* Exercise description *
Every line of the listing should be retyped exactly, but none of the pictures should be.

* Source data *
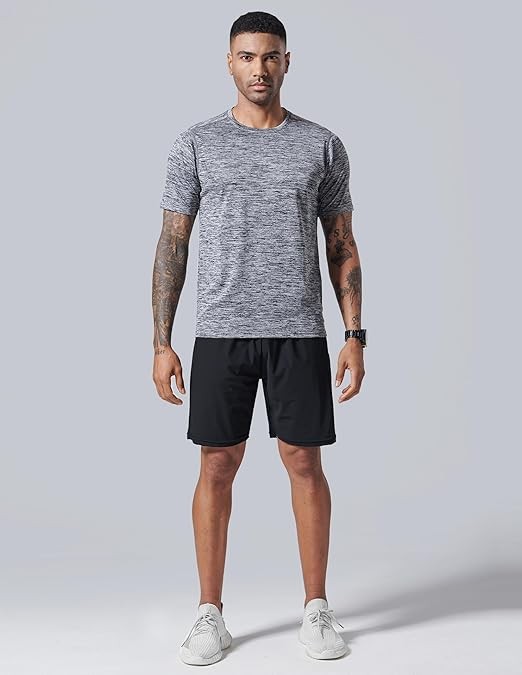 5 Pack Men’s Active Quick Dry Crew Neck T Shirts | Athletic Running Gym Workout Short Sleeve Tee Tops Bulk
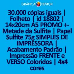 30.000 cópias iguais | Folheto | id 18802 | 14x20cm A5 PROMO +-Metade da Sulfite | Papel Sulfite 75g SIMPLES DE IMPRESSORA | Impressão FRENTE e VERSO Coloridos | 4x4 cores
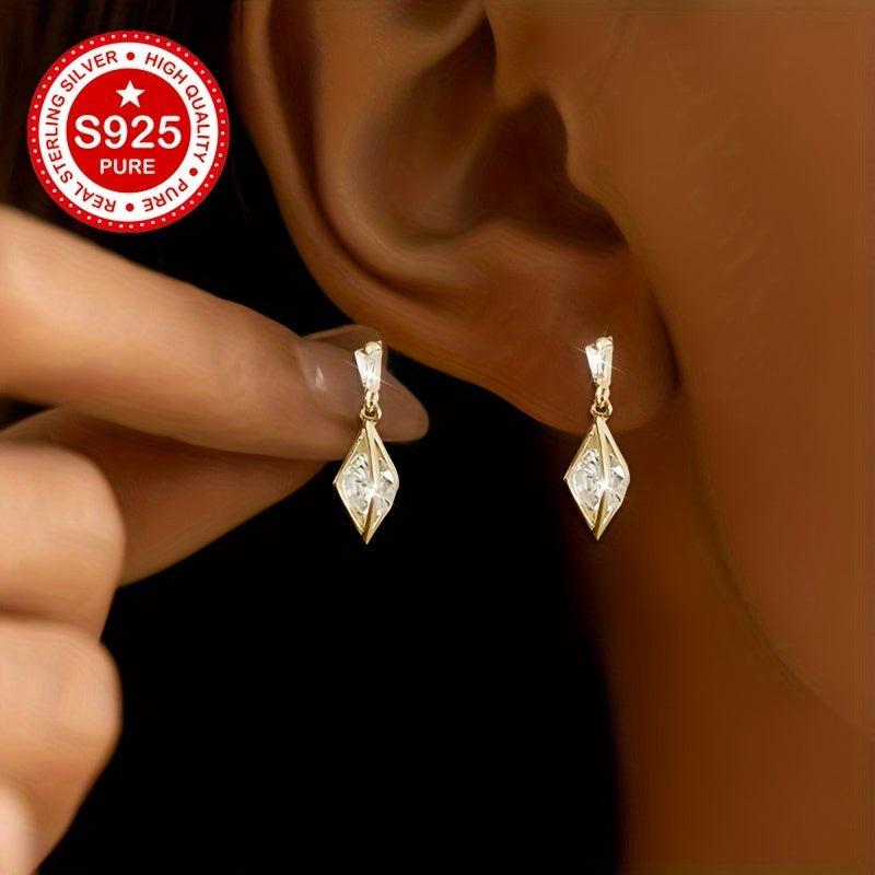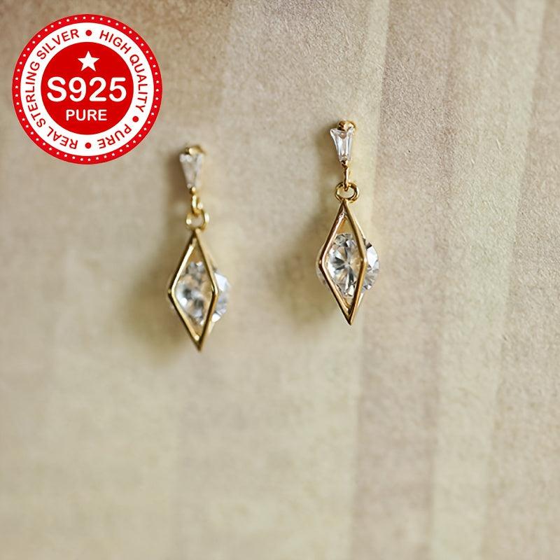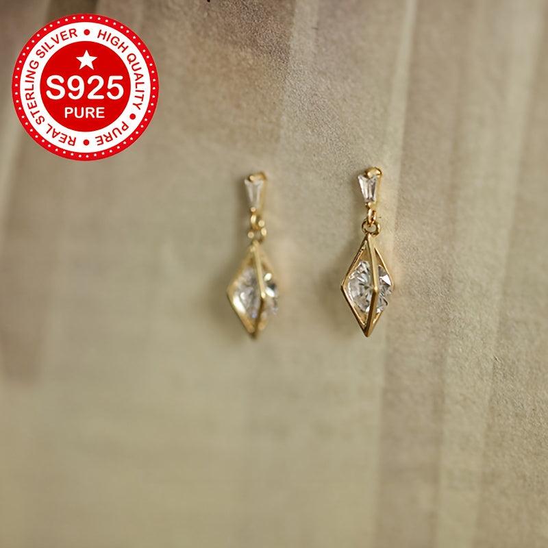 These stud earrings are made of 925 sterling silver with 18K gold plating and feature synthetic cubic zirconia in a geometric faceted design. They are hypoallergenic and lightweight, weighing only 1.81g. Perfect for everyday wear.

* Your response *
 5 Pack Men’s Active Quick Dry Crew Neck T Shirts | Athletic Running Gym Workout Short Sleeve Tee Tops Bulk
 30.000 cópias iguais | Folheto | id 18802 | 14x20cm A5 PROMO +-Metade da Sulfite | Papel Sulfite 75g SIMPLES DE IMPRESSORA | Impressão FRENTE e VERSO Coloridos | 4x4 cores
 These stud earrings are made of 925 sterling silver with 18K gold plating and feature synthetic cubic zirconia in a geometric faceted design. They are hypoallergenic and lightweight, weighing only 1.81g. Perfect for everyday wear.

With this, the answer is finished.